2022 Finalissima
- Event: Finalissima
| Italy | Argentina |
| Italy | Argentina |
| 0 | 3 |
- Date: 1 June 2022
- Venue: Wembley Stadium, London
- Man of the Match: Lionel Messi (Argentina)
- Referee: Piero Maza (Chile)
- Attendance: 87,112
- Weather: Clear night 17 °C (63 °F) 47% humidity

= 2022 Finalissima =

The 2022 Finalissima (lit. 'Grand Final') was the third edition of the intercontinental football match between the winners of the previous South American and European championships, and the first edition rebranded as Finalissima. The match featured Italy, winners of UEFA Euro 2020 (held in 2021), and Argentina, winners of the 2021 Copa América. It was played at Wembley Stadium in London on 1 June 2022. The match, a revival of the Artemio Franchi Cup last played 29 years prior, was organised by UEFA and CONMEBOL as part of a renewed partnership between the two confederations.

Argentina, the defending champions, won the match 3–0 for their second Finalissima title.

== Background ==
In 1985 and 1993, the winners of the prior UEFA European Championship and Copa América tournaments played in the Artemio Franchi Cup (also known as the European/South American Nations Cup), a one-off match organised by UEFA and CONMEBOL. It was the national team equivalent to the former Intercontinental Cup on the club level, which was played between the winners of the European Cup/UEFA Champions League and Copa Libertadores.
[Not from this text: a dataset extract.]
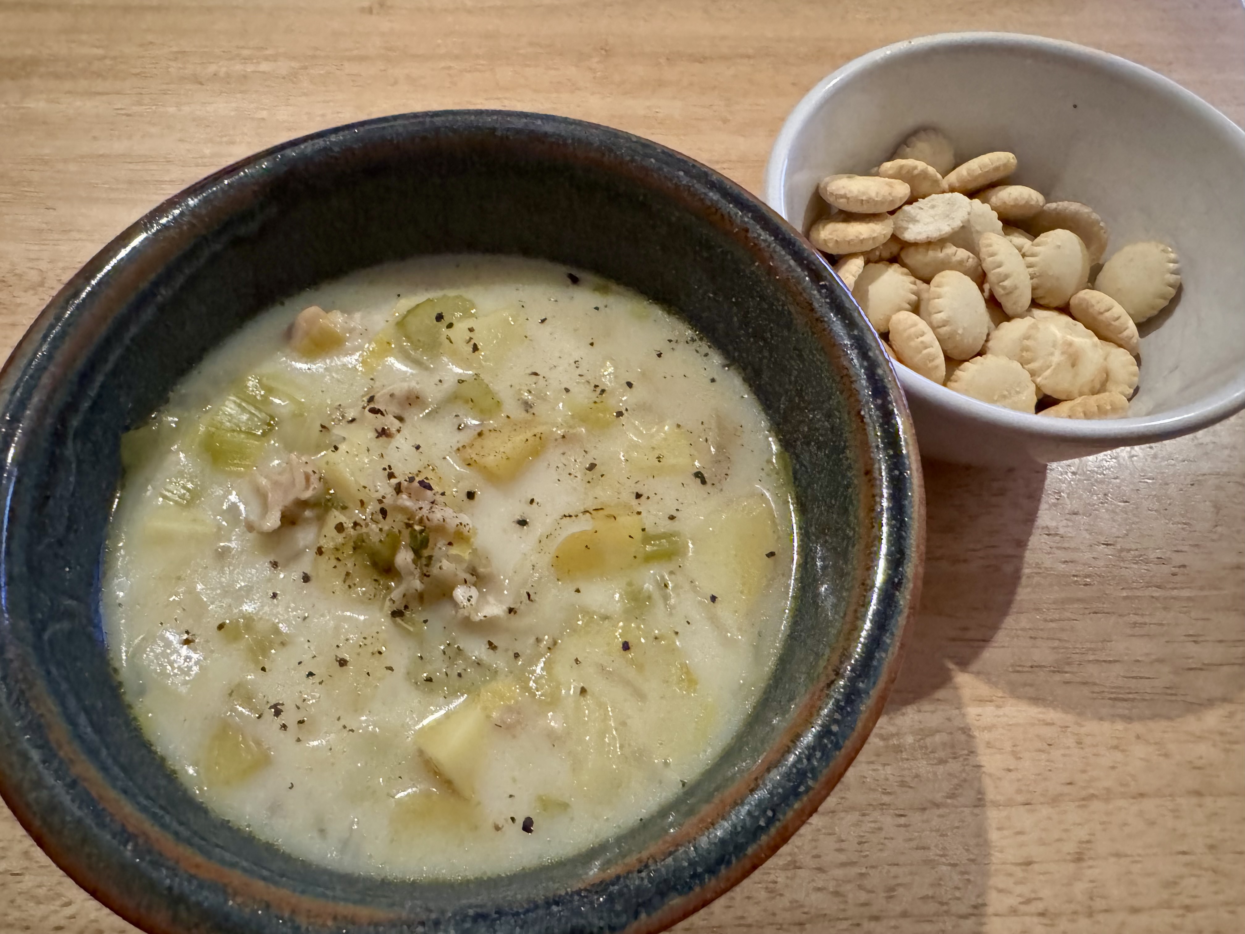 In the winter we probably have clam chowder every couple of weeks. Since John and I met in college in Massachusetts way back in 1968, New England clam chowder is the style we love. Some chowders that you buy are thick and gloppy but the one I make is much lighter depending on clam juice from bottles and clam juice from the cans of clams themselves and only a little cream for the broth. Here ‘s my recipe from a January post.

France won the 1985 Artemio Franchi Cup in Paris, while Argentina won the 1993 match in Mar del Plata. However, the competition was discontinued thereafter. The Artemio Franchi Cup can be considered a precursor of the King Fahd Cup/FIFA Confederations Cup, played in 1992 for the first time and organised by FIFA from 1997, which featured the title holders of all the continental championships and FIFA World Cup. After the 2017 edition, FIFA announced on 15 March 2019 that the tournament would be abolished.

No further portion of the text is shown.